We define resiliency as a community's ability to quickly recover from a major incident, such as a natural disaster or terrorism attack, and unfortunately, quantitative ways to predict resiliency are proving elusive. The Earth experiences the most unpredictable weather patterns in our solar system. Compound this natural unpredictability with increased event magnitudes and things simply move too fast for even the best of us to narrow down justifiable quantitative measurements.

With an atmosphere complex enough to support life yet complicated enough to produce devastating typhoons, how can we predict resiliency and recovery? Two industry-leading research papers out of the University of South Carolina focus on qualitative indicators in lieu of quantitative measurements.

The Formula

Susan L. Cutter and Christopher G. Burton have created a complex formula that, when simplified, relates vulnerability and resiliency. Compare these two characteristics and then toss a wrench into the system (the disaster, or "Event") to get an idea of your community's ability to recover or withstand a major incident.

In a formula, it might look something like this: [Vulnerability + Event] > or < Resiliency

If the sum of your community's vulnerabilities paired with the effects of a disaster (or a series of negative events impacting your community) ends up being less than your ability to absorb and recover from the event, there's a good chance you'll weather the storm and prove resilient. If that same sum ends up being more than your resiliency, there's a high chance your safety is in jeopardy.

The papers cite more than 40 indicators that can either be evaluated to contribute to vulnerability or resiliency. For example, let's say the disaster in the equation above is a hurricane. Rivers, measured in miles, can either add to a community's resiliency if there are none nearby, or be a major vulnerability if one runs right through town. Other indicators, like the number of town doctors, add to a community's resiliency with greater numbers, but become an area of vulnerability with fewer numbers. As the infographic below illustrates, each of these indicators exists somewhere between extremes of vulnerability and resiliency.

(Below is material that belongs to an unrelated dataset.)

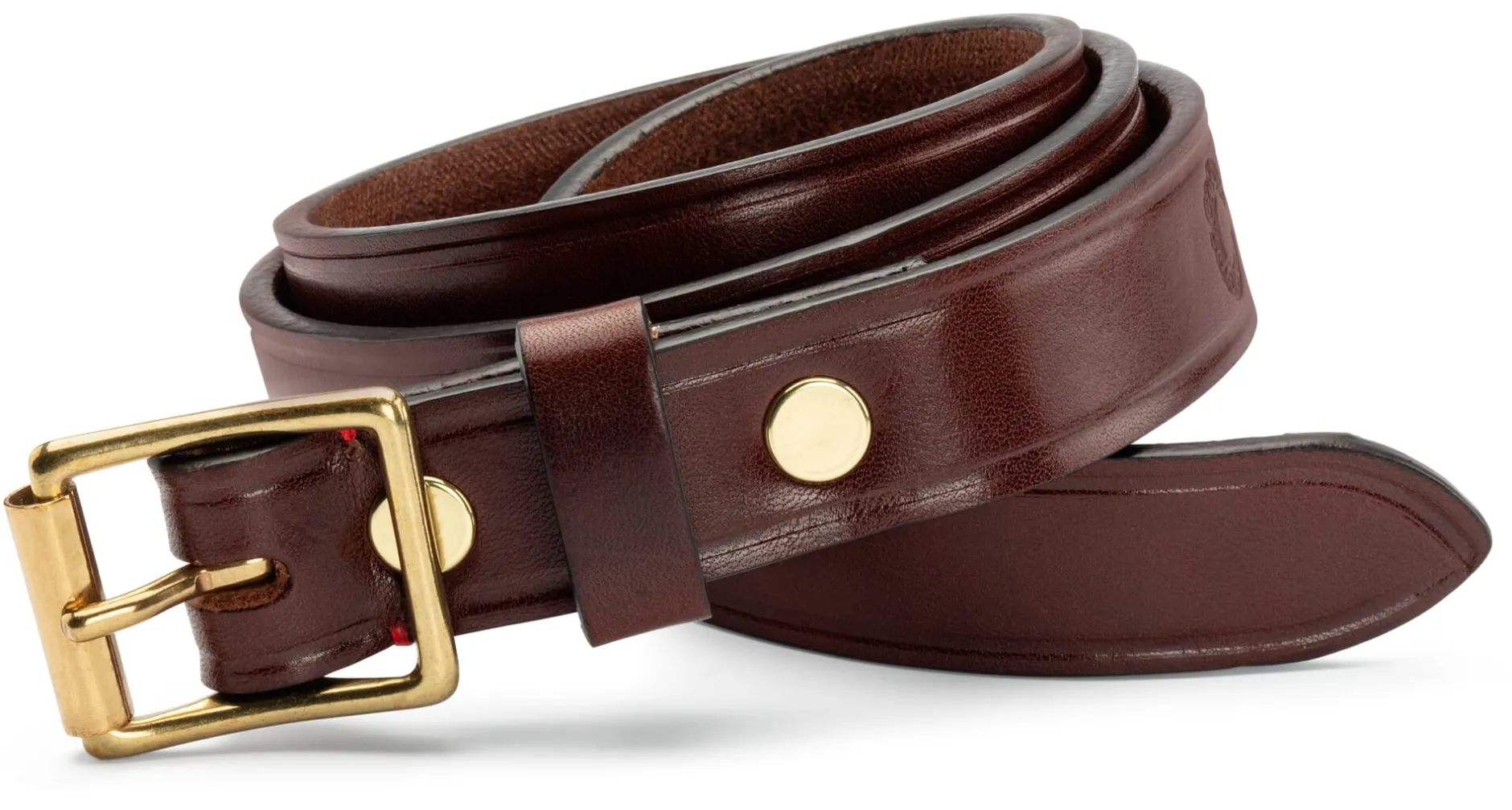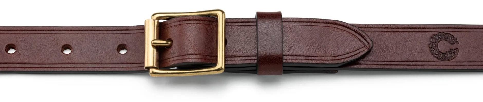 Einlagig. Rindleder (Stärke 3,8–4 mm), vegetabil gegerbt. Messingschließe. Hergestellt in England. Breite 2,5 cm. In den Längen 28 (80 cm), 30 (85 cm), 32 (90 cm), 34 (95 cm), 36 (100 cm), 38 (105 cm) und 40 (110 cm)

3232-predicting resiliency_infographic

So how can you predict community resiliency and recovery? Well, it helps to have collaboration from community leaders and outside professionals to truly monetize vulnerabilities and resiliencies. While developing a fully workable model is a challenge, it greatly improves communities' preparedness. This research is helping leaders recognize their communities' limitations, and understanding absorptive capacity is the first step towards realizing community resiliency and recovery.